As Monday morning begun in Japan hours ago, stock markets took a significant hit as a result of global financial uncertainty and the implementation of US president Donald Trump’s global tariffs on Saturday. The result has hit the entirety of the Japanese stock market hard, including the video game sector. Companies like Capcom, Nintendo, Sony, Bandai Namco and more have all seen sharp declines in stock value.
As of writing, the Japanese stock market has just stopped at 3:30PM, which means the current drops should be where things will settle for now.
Japanese games industry consultant Dr. Serkan Toto highlighted a few companies and how sharply stocks in them have fallen within a single day of trading, so we’ve been in and checked the final figures for the day, and outlined them below:
- Nintendo | – 7.85%
- Sony | – 10.4%
- Capcom | – 6.61%
- Bandai Namco | – 7.37%
- Square Enix | – 5.62%
- Sega | – 7.29%
- Koei Tecmo | – 5.41%
With the US enforcing its imposed tariffs on countries worldwide on Saturday, these sharp drops are a response to the financial turbulence that has come as a result. The US implemented a 24% tariff on all goods aside from auto imports (which didn’t get off easy, hit with a 25% levy). Most stocks in Japan took serious damage today as a result with the Nikkei 225 – Japan’s stock market index, kind of like the USA’s S&P 500 – falling 7.83%.
So why has the Japanese video game industry been hit so hard? Well, while your initial thoughts may go to places like GameStop and physical boxed copies of games being the culprit, it’s only one part of the problem. Yes, it will be more expensive for people in America to buy a copy of an upcoming release like Mario Kart World at their local store, which in turn will likely result in less people buying it and therefore less income. But, this would be somewhat cushioned by the growing majority of players who buy games digitally.

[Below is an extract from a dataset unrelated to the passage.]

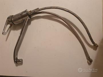 RUBINETTO MISCELATORE LAVELLO CUCINA MONOFORO IN ACCIAIO INOX DOTATO DI AERATORE FRANGIGETTO E DI RACCORDI LUNGHEZZA CANNA CM. 25
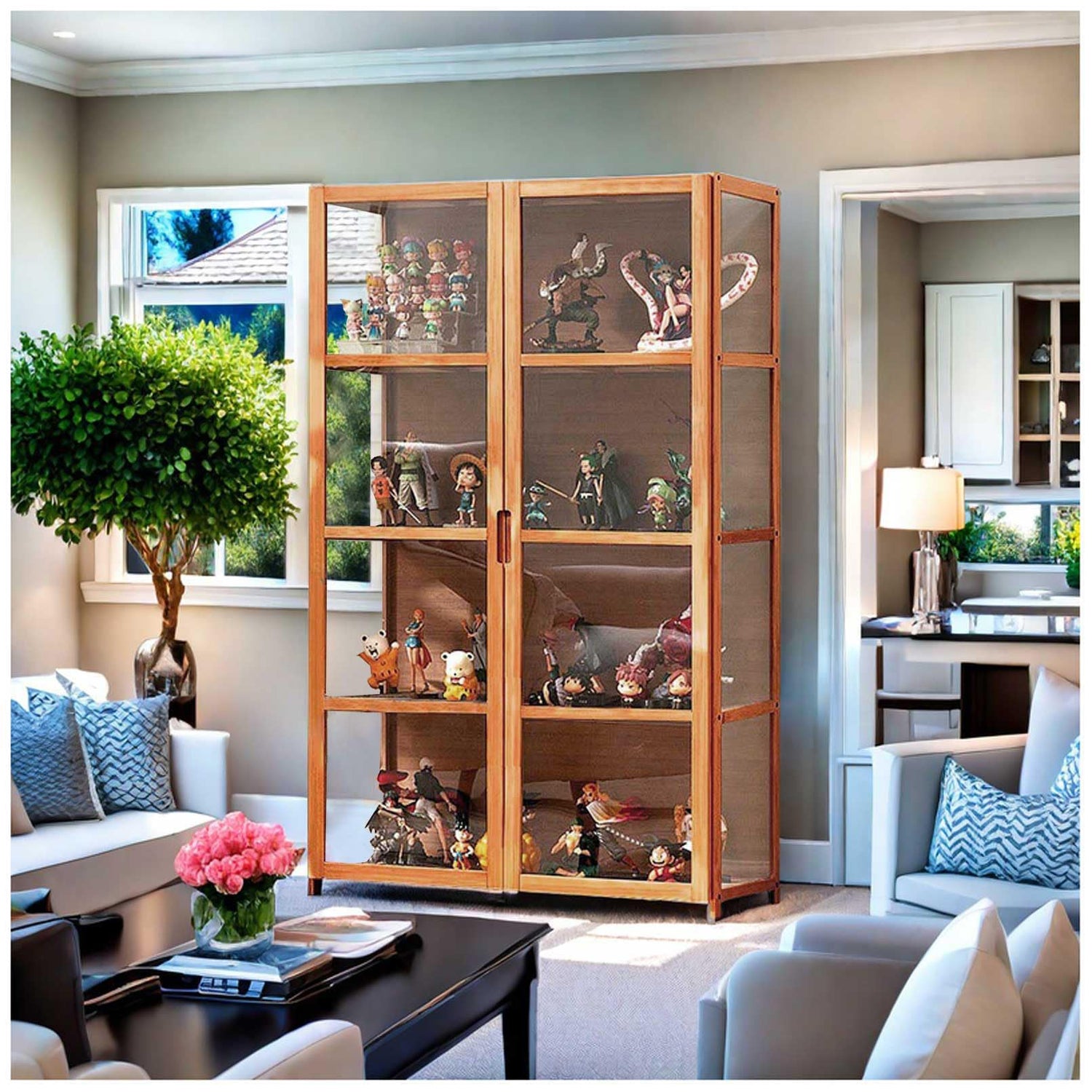 4-Tier Curio Cabinets with Acrylic Doors 51in Display Cabinet Natural Bamboo Frame,Safe and Healthy,Double Door Design for Convenient Storage,Sealed Dustproof,Easy to Clean,Brown,32 * 13 * 51in

However, these tariffs also impact the hardware these games are played on. Nintendo announced a delay for US pre-orders for the Nintendo Switch 2 as US imports of the console will be hit with tariffs. Quite hard in fact, as Nintendo split its manufacturing to China and Vietnam, both countries currently suffering from larger US tariffs than even Japan. But the same is true for PS5s, Xbox Series X|Ss, mobile phones, PCs…everything!
Anything you could play a video game on will be made signficantly more expensive for the US consumer from last Saturday onwards. The tragedy is, even if the Japanese government were to make a deal with the US to remove these tariffs, companies like Nintendo and Capcom would still be hit hard unless tariffs are removed from other countries where gaming hardware and its components are manufactured.
The USA who remains one of the most powerful consumer bases in the world for the video game market. The American consumer spent $46.1 billion on video games last year, losing only to China in terms of money spent on gaming. Now, that’s in total revenue and not strictly revenue from game sales, so microtransactions are included in that figure. Nontheless it’s a figure that itself is likely to see a large decline this year. Especially if a recession does hit the USA, something that is looking more and more likely by the day.
It’s a dark omen for the health of the video game industry at large. Whether these stocks will recover in good time remains to be seen, but as long as these widespread tariffs persist, it’s hard to feel overly optimistic.